The first approach was Bayesian Ridge Regression, using only the opening choice as input. This model places a Gaussian prior on the regression coefficients and infers a posterior distribution based on the training data. Predictions are then expressed as posterior means with corresponding credible intervals, allowing an assessment of the uncertainty associated with each Elo estimate.
Both regression models were evaluated using the standard metrics like RMSE and R^2. Additionally the regression was reframed to allow for an estimation of accuracy, by classifying an allowed deviation in predicted vs. real Elo.

Four different probabilistic models were trained and evaluated for the classification task. A Gaussian Naive Bayes, Linear Discriminant Analysis, Quadratic Discriminant Analysis and a weighted bayesian logistic regression. The primary evaluation metric for all of these models was the accuracy, though other metrics were also included like precision and recall. Confusion matrices were made for all models to allow for interpretation of the results. For the LDA, several other experiments were done, to gauge how well the model is able to predict certain classes.

To test hypothesis two and three, the analysis was first done using only single game features and then repeated using the calculated aggregated features over several games of the same player.




## 6. Results

### Linear Regression

The linear regression using the one-hot-encoded openings achieved an RMSE of 363, an R^2 of 0.14 and an accuracy with a deviation of 50 Elo point of 9.93%.

![image info](./results/linear_regression.png)

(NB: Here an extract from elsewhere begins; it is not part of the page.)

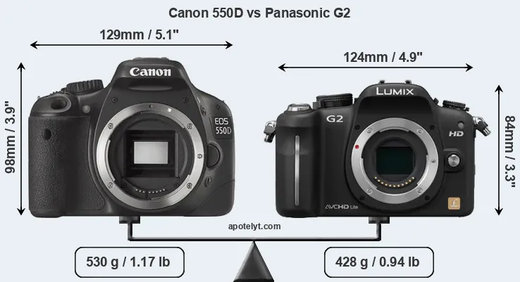 The side-by-side display below illustrates the physical size and weight of the Canon 550D and the Panasonic G2. The two cameras are presented according to their relative size. Three consecutive perspectives from the front, the top, and the back are available. All width, height and depth measures are rounded to the nearest millimeter.

**Figure 2:** Real vs. Predicted Elo of the linear regression model.
### Bayesian Ridge Regression

The bayesian ridge regression performed almost the same as the linear regression, while providing an uncertainty estimation. The uncertainty was generally really high, averaging at 363.

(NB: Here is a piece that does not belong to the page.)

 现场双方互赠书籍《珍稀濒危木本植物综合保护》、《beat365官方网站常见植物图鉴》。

![image info](./results/Bayesian_Ridge.png)

**Figure 3:** Real vs. Predicted Elo of the bayesian regression model, visualizing uncertainty.

### Random Forest Classifier

The random forest classifier achieved an accuracy of 21% using all single game features, where the most important features were game length, first blunder and first win opportunity among others. Using the aggregated features improved performance to around 25%, changing the most important features as well. In this second run the aggregated features carried the most information.

| Class         | Precision | Recall | F1-Score | Support     |
| ------------- | --------- | ------ | -------- | ----------- |
| 0             | 0.37      | 0.69   | 0.48     | 20,568      |
| 1             | 0.19      | 0.21   | 0.20     | 20,572      |
| 2             | 0.16      | 0.12   | 0.14     | 20,371      |
| 3             | 0.16      | 0.11   | 0.13     | 20,585      |
| 4             | 0.16      | 0.11   | 0.13     | 20,405      |
| 5             | 0.15      | 0.08   | 0.11     | 20,526      |
| 6             | 0.16      | 0.14   | 0.15     | 20,337      |
| 7             | 0.17      | 0.11   | 0.13     | 20,576      |
| 8             | 0.20      | 0.21   | 0.20     | 20,653      |
| 9             | 0.38      | 0.71   | 0.50     | 20,384      |
| **Accuracy**  |           |        | **0.25** | **204,977** |
| **Macro Avg** | 0.21      | 0.25   | 0.22     | 204,977     |

**Table 3:** Evaluation metrics for the Random Forest Classifier trained on aggregated features.


![image info](./results/feature_importance.png)

**Figure 4:** Feature importance of the random forest classifier using aggregated features.

### Gaussian Naive Bayes

The Gaussian Naive Bayes achieved an accuracy of only 12%.

### Linear Discriminant Analysis

LDA achieved an accuracy of 21% matching the performance of the baseline Random Forest Classifier. When comparing the accuracy starting with the outher bins and then iteratively adding one more bin, a linear decline of performance can be seen. When comparing only class 0 and 9 the accuracy is around 90%, but drops to around 70% when comparing classes 0-4 vs. 5-9.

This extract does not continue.